Page MenuHomePhabricator

Make presence and targets of ORES filters configurable
Closed, ResolvedPublic

Description

Joe and I discussed how we should handle different ORES model characteristics on different wikis and we settled on the following:

  • Make configurable which of "May have problems", "Likely have problems" and "Very likely have problems" are available (i.e. allow a config that only enabled 2 of these 3), and the same for goodfaith
    • This implies creating "Very likely bad faith", which doesn't currently exist
    • We probably want to standardize on maybebad/lilkelybad/verylikelybad rather than maybebad/bad for internal names
  • Allow the threshold configuration for each of these filters to be set to either a numerical threshold value (e.g. 0.123) or a property name from the ORES model_stats API (e.g. 'recall_at_precision(min_precision=0.99)' or a simplified version that gets expanded to that)
  • Set the defaults to:
    • verylikelygood: recall_at_precision(min_precision=0.995)
    • maybebad: filter_rate_at_recall(min_recall=0.9)
      • Ideally this'd be max(filter_rate_at_recall(min_recall=0.9), recall_at_precision(min_precision=0.15)) (for damaging; min() for goodfaith), but that's getting a bit complex so we might want to hold off on implementing that at first
    • likelybad: recall_at_precision(min_precision=0.6)
    • verylikelybad: recall_at_precision(min_precision=0.9)

Event Timeline

@Catrope, here is the generalized filter language. One new filter was added: Very likely bad faith. With that exception, only the description texts changed, not the filter names.

Contribution quality predictions


**Very likely good**
Highly accurate at finding almost all problem-free edits.
**May have problems**
Finds most flawed or damaging edits but with lower accuracy.
**Likely have problems**
With medium accuracy, finds more problem edits than the “Very Likely” filter but fewer than “May.”
**Very likely have problems**
Highly accurate at finding the most obvious flawed or damaging edits.

==User intent predictions

Very likely good faith
Highly accurate at finding almost all good-faith edits.
May be bad faith
Finds most bad-faith edits but with lower accuracy.
Likely bad faith
With medium accuracy, finds more bad-faith edits than the “Very likely” filter but fewer than “May.”
Very likely bad faith
Highly accurate at finding the most obvious bad faith edits.

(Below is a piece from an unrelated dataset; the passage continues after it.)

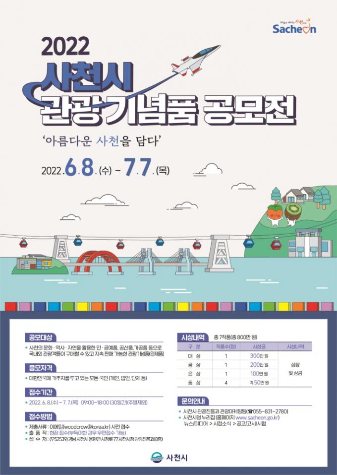 응모대상은 사천의 문화·역사·자연을 활용한 민·공예품, 공산품, 가공품 등이다. 국내외 관광객들이 구매할 수 있고 지속 판매 가능한 관광기념품이다.

Change 348496 had a related patch set uploaded (by Sbisson):
[mediawiki/extensions/ORES@master] Make filters thresholds more configurable

https://gerrit.wikimedia.org/r/348496

Change 348496 merged by jenkins-bot:
[mediawiki/extensions/ORES@master] Make filters thresholds more configurable

https://gerrit.wikimedia.org/r/348496

Change 349108 had a related patch set uploaded (by Catrope):
[operations/mediawiki-config@master] Add b/c for ORES config format change

https://gerrit.wikimedia.org/r/349108

Change 349146 had a related patch set uploaded (by Catrope):
[operations/mediawiki-config@master] Set ORES thresholds in new format for all enabled wikis

https://gerrit.wikimedia.org/r/349146

Change 349108 merged by jenkins-bot:
[operations/mediawiki-config@master] Add b/c for ORES config format change

https://gerrit.wikimedia.org/r/349108

Change 349146 merged by jenkins-bot:
[operations/mediawiki-config@master] Set ORES thresholds in new format for all enabled wikis

https://gerrit.wikimedia.org/r/349146

Mentioned in SAL (#wikimedia-operations) [2017-04-27T23:22:47Z] <catrope@naos> Synchronized wmf-config/InitialiseSettings.php: Set ORES thresholds in new format for all enabled wikis (T162760) (duration: 00m 53s)

(1) @SBisson

May be bad faith
Finds most bad-faith edits but with lower accuracy.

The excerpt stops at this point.